RECORDS FOR THE EXERCISE
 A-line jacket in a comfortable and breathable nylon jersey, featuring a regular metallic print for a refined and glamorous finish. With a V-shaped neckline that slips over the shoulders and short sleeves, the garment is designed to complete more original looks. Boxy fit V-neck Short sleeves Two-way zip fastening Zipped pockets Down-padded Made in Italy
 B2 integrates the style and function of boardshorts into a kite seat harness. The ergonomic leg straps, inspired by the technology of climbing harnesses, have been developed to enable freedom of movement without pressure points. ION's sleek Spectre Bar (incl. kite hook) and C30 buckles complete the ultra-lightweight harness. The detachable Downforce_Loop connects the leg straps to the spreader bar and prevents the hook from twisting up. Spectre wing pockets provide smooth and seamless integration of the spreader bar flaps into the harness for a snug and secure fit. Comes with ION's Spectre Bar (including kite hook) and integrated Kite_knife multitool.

* * *

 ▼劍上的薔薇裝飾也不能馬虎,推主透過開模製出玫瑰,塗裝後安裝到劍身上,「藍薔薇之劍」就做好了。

WHAT YOU WILL DO
Which lines of the data include the string "pockets"? Copy each of them.

ANSWER
 A-line jacket in a comfortable and breathable nylon jersey, featuring a regular metallic print for a refined and glamorous finish. With a V-shaped neckline that slips over the shoulders and short sleeves, the garment is designed to complete more original looks. Boxy fit V-neck Short sleeves Two-way zip fastening Zipped pockets Down-padded Made in Italy
 B2 integrates the style and function of boardshorts into a kite seat harness. The ergonomic leg straps, inspired by the technology of climbing harnesses, have been developed to enable freedom of movement without pressure points. ION's sleek Spectre Bar (incl. kite hook) and C30 buckles complete the ultra-lightweight harness. The detachable Downforce_Loop connects the leg straps to the spreader bar and prevents the hook from twisting up. Spectre wing pockets provide smooth and seamless integration of the spreader bar flaps into the harness for a snug and secure fit. Comes with ION's Spectre Bar (including kite hook) and integrated Kite_knife multitool.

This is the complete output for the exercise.